Escuchaba la radio con un auricular y en la otra mano sostenía un cigarrillo con plácida distinción.--¿Está escuchando a Central Córdoba, maestro? --medio le gritó el Soda cuando recuperó el aliento, pero siempre recostado en el piso. El viejo giró para mirarlo. Negó con la cabeza y se quitó el auricular de la oreja.--No sonrió. Y pareció que la cosa quedaba ahí. El viejo volvió a mirar el partido, que estaba áspero y empatado. Música dijo después, mirándolo de nuevo.--Algún tanguito?, probó el Soda.--Un concierto. Hay un buen programa de música clásica a esta hora

[...]

.--Pero le gusta el fútbol --le dijo--. Por lo que veo.El viejo aprobó enérgicamente con la cabeza, sin dejar de mirar el curso de la pelota, que iba y venía por el aire, rabiosa.--Lo he jugado. Y, además, está muy emparentado con el arte --dictaminó después--. Muy emparentado.El Soda lo miró, curioso. Sabía que seguiría hablando, y esperó.--Mire usted nuestro arquero --efectivamente el viejo señaló a De León, que estudiaba el partido desde su arco, las manos en la cintura, todo un costado de la camiseta cubierto de tierra--. La continuidad de la nariz con la frente. La expansión pectoral. La curvatura de los muslos. La tensión en los dorsales --se quedó un momento en silencio, como para que el Soda apreciara aquello que él le mostraba--. Bueno... Eso, eso es la escultura...El Soda adelantó la mandíbula y osciló levemente la cabeza, aprobando dubitativo.--Vea usted --el viejo señaló ahora hacia el arco contrario, al que estaba por llegar un córner-- el relumbrón intenso de las camisetas nuestras, amarillo cadmio y una veladura naranja por el sudor. El contraste con el azul de Prusia de las camisetas rivales, el casi violeta cardenalicio que asume también ese azul por la transpiración, los vivos blancos como trazos alocados. Las manchas ágiles ocres, pardas y sepias y siena de los muslos, vivaces, dignas de un Bacon. Entrecierre los ojos y aprécielo así... Bueno... Eso, eso es la pintura.

[...]

Observe, observe usted esa carrera intensa entre el delantero de ellos y el cuatro nuestro. El salto al unísono, el giro en el aire, la voltereta elástica, el braceo amplio en busca del equilibrio... Bueno... Eso, eso es la danza...El Soda procuraba estimular sus sentidos, pero sólo veía que los rivales se venían con todo, porfiados, y que la pelota no se alejaba del área defendida por De León.--Y escuche usted, escuche usted... --lo acicateó el viejo, curvando con una mano el pabellón de la misma oreja donde había tenido el auricular de la radio y entusiasmado tal vez al encontrar, por fin, un interlocutor válido--... la percusión grave de la pelota cuando bota contra el piso, el chasquido de la suela de los botines sobre el césped, el fuelle quedo de la respiración agitada, el coro desparejo de los gritos, las órdenes, los alertas, los insultos de los muchachos y el pitazo agudo del referí... Bueno... Eso, eso es la música.

[...]

--Y vea usted a ese delantero... --señaló ahora el viejo, casi metiéndose en la cancha, algo más alterado--... ese delantero de ellos que se revuelca por el suelo como si lo hubiese picado una tarántula, mesándose exageradamente los cabellos, distorsionando el rostro, bramando falsamente de dolor, reclamando histriónicamente justicia... Bueno... Eso, eso es el teatro. El Soda se tomó la cabeza.--¿Qué cobró? --balbuceó indignado.--¿Cobró penal? --abrió los ojos el viejo, incrédulo.

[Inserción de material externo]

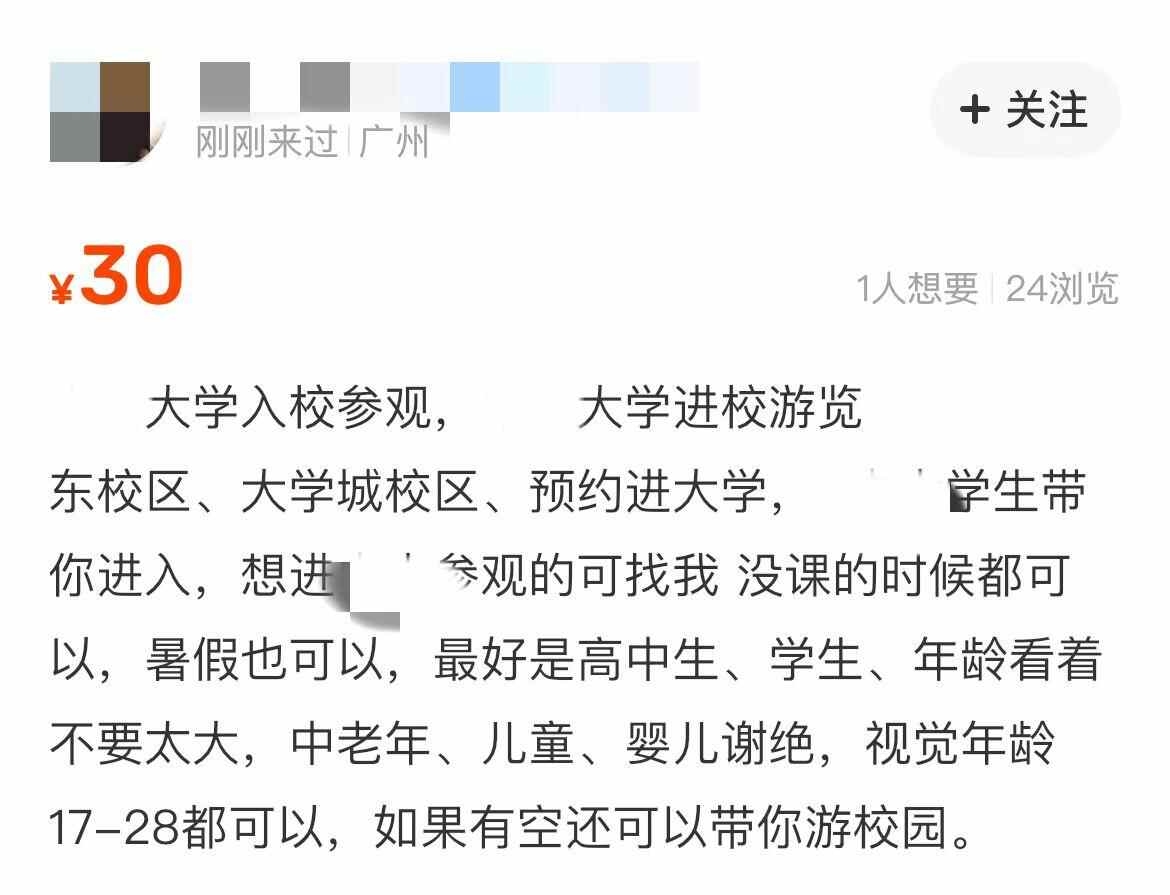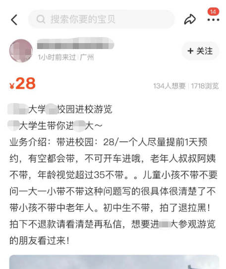 另一名声称是该校学生的卖家则表示:“(收费)28元/人,尽量提前1天预约,有空都会带,不可开车进,年龄视觉超过35岁不带,小孩、中老年人不带。拍下(下单)不退款。”该平台显示,有1718人浏览过该帖子,其中134人想要该服务。
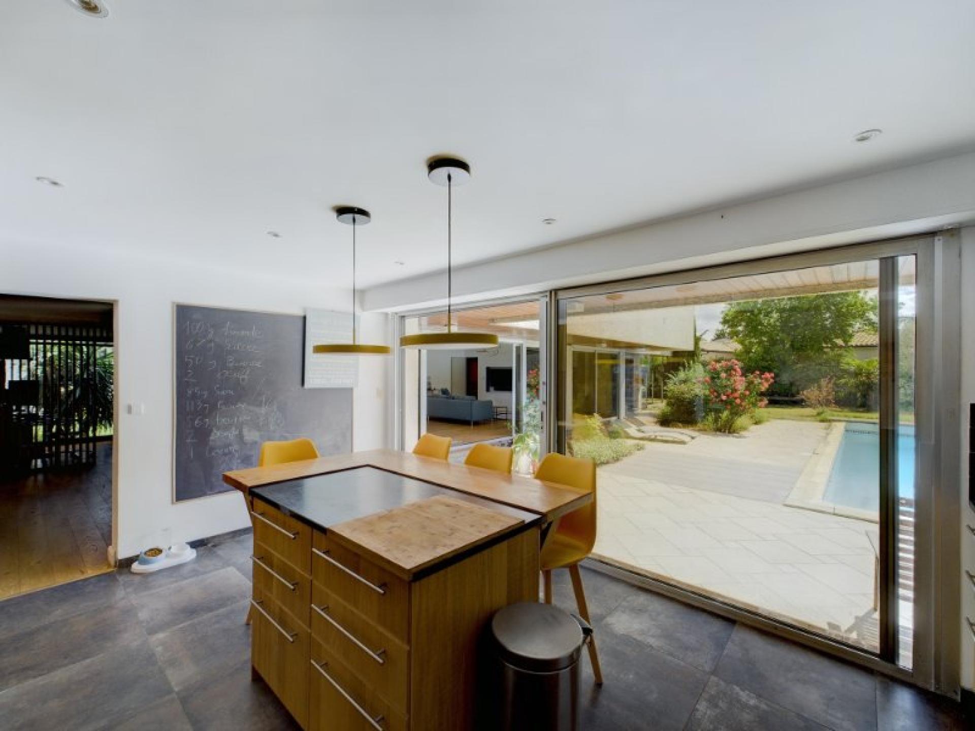 Damien Castagné SAFTI vous propose, à Saint-Médard en Jalles, quartier Gajac- Corbiac cette maison d'architecte des années 70 : elle dispose d'une vaste entrée, un agréable espace de vie traversant orienté sud ouest donnant sur un grand jardin avec piscine et sans vis à vis, une cuisine équipée ouverte sur une terrasse abritée. <br/>La partie nuit est composée de deux chambres et une salle de bain, ainsi qu'une suite parentale avec dressing et salle de bain. <br/>Un garage et cellier complètent l'ensemble.

Dio un paso al frente, metiéndose apenas en la cancha--. ¿Qué cobrás? --gritó después, desaforado--. ¿Qué cobrás, referí y la reputísima madre que te parió?El Soda lo miró atónito. Ante el grito del viejo parecía haberse olvidado repentinamente del penal injusto, de la derrota inminente y del mismo calor. El viejo estaba lívido mirando al área, pero enseguida se volvió hacia el Soda tratando de recomponerse, algo confuso, incómodo.--...¿Y eso? --se atrevió a preguntarle el Soda, señalándolo.--Y eso... --vaciló el viejo, tocándose levemente la gorra--...Eso es el fútbol.